Originally Posted by Access_Denied

This is indeed a problem, one that's usually solved by the networking libraries. For instance, when programming with Unix sockets, there are functions to convert numbers to a standard network format, and then functions to convert it back to machine specific format. This way, a 10 bit byte little endian machine can communicate with an 8 bit byte big endian machine, and neither will ever be aware of the difference.

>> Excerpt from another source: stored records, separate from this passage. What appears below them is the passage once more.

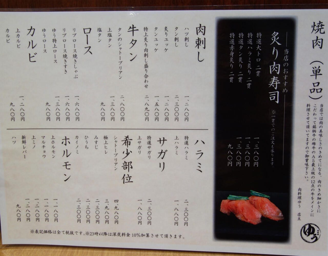肉料理ゆう (焼肉 / 中洲川端駅、祇園駅、呉服町駅)
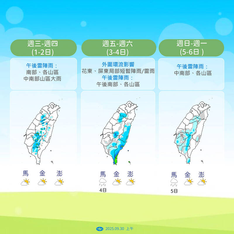 Lin added that southern Taiwan and mountainous areas will see short thundershowers in the afternoon today and tomorrow, and heavy rain is possible in mountainous areas in central and southern Taiwan.
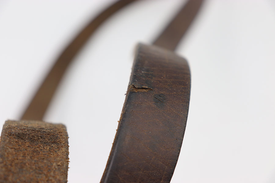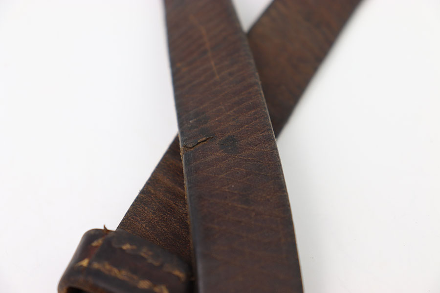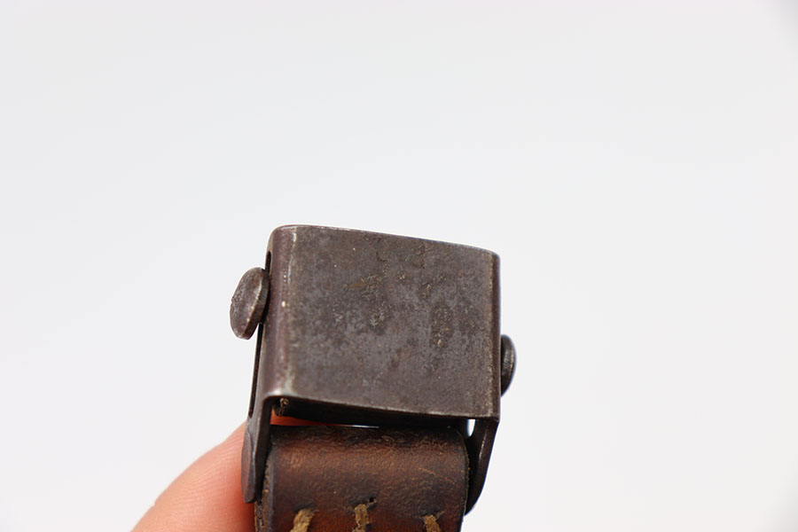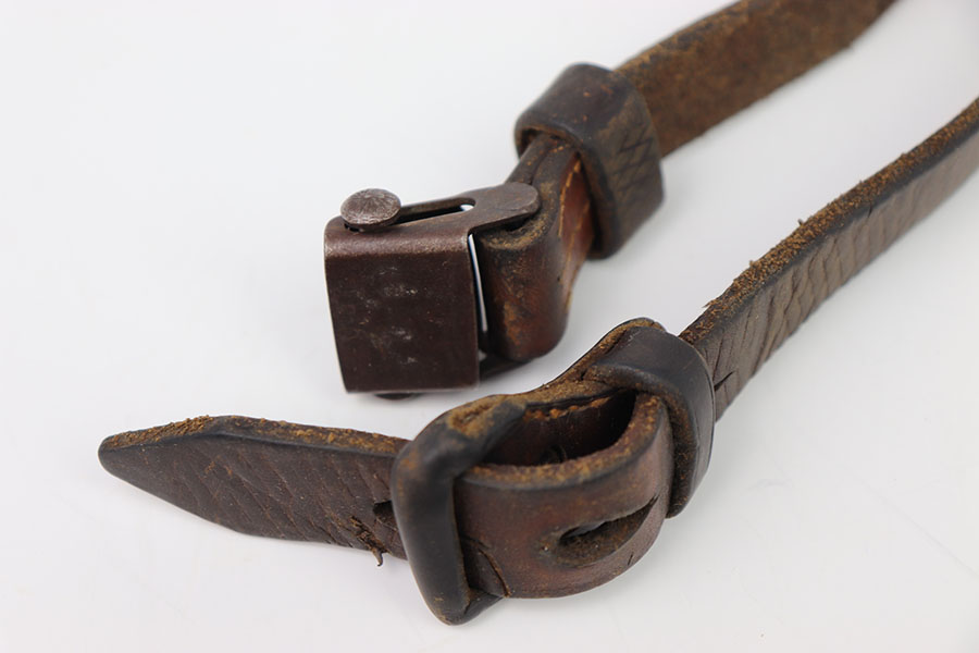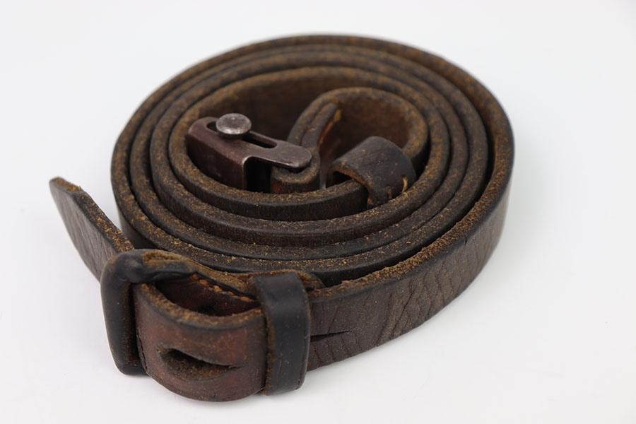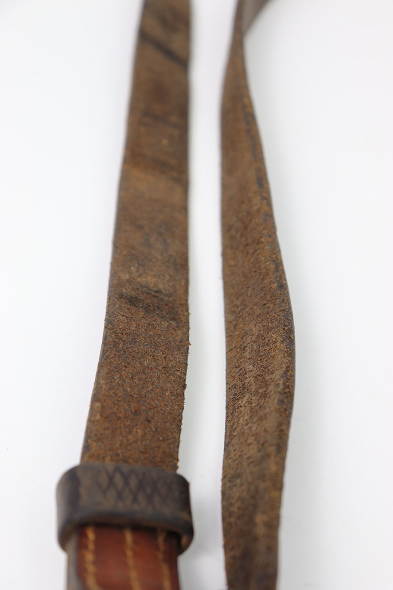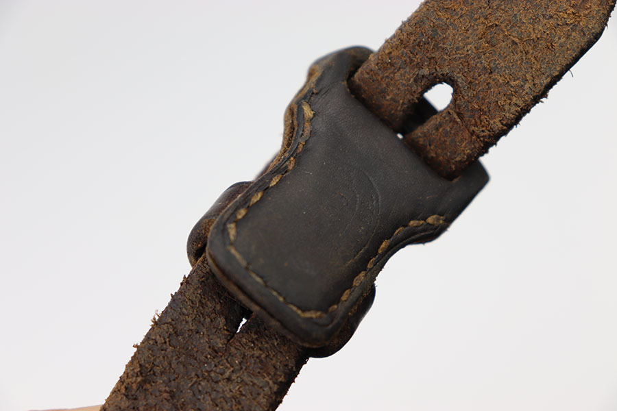 2/2/24 – This is an original leather sling for a K98 rifle. The sling comes with an original keeper that’s maker stamped and dated “1939”. Only half of the stamp is legible so I cannot make out the maker. The buckle is maker stamped “D&C” for “Dransfeld & Co, Menden/Sauerland.” The leather has normal surface wear but the original herringbone pattern is 50% remaining throughout. Sling has some minor surface crack as seen in the photos, but nothing that affects its durability. Overall in great+ condition.

But a lot of this stuff isn't really THAT big of a deal today. If you're running Windows, 99% chance you're running an x86 processor with 8-bit bytes and a 32-bit processor (or a 64-bit processor that's compatible with 32-bit).
January 16th, 2012, 07:54 AM
ahoodin

Re: Thoughts on C++ integer types

Seems like you might be turning the corner from this stance.

Quote:

Originally Posted by Bssldr

Think of a situation like this: you need to use an 8 byte integer and if it's smaller your code doesn't work as expected. I'd rather see the compiler tell me that the target system doesn't support an 8 byte integer than have a smaller one that makes my program function incorrectly.

To overcome the problem of the target architecture not having a type of required size the compiler could output code that emulates the type by using multiple smaller types.

What do you think how long this kind of thing can continue without introducing new types? One day there'll be 512 bit processors - this means that there'll be additional types of sizes 128, 256, 512 bits. Where are you going to put them? Are you just going to take the current int, long, long long and say their sizes are 128, 256, 512 bits? How are people going to use 32 and 64 bit types then? C++ should have fixed size types and new types should be introduced as the processors evolve.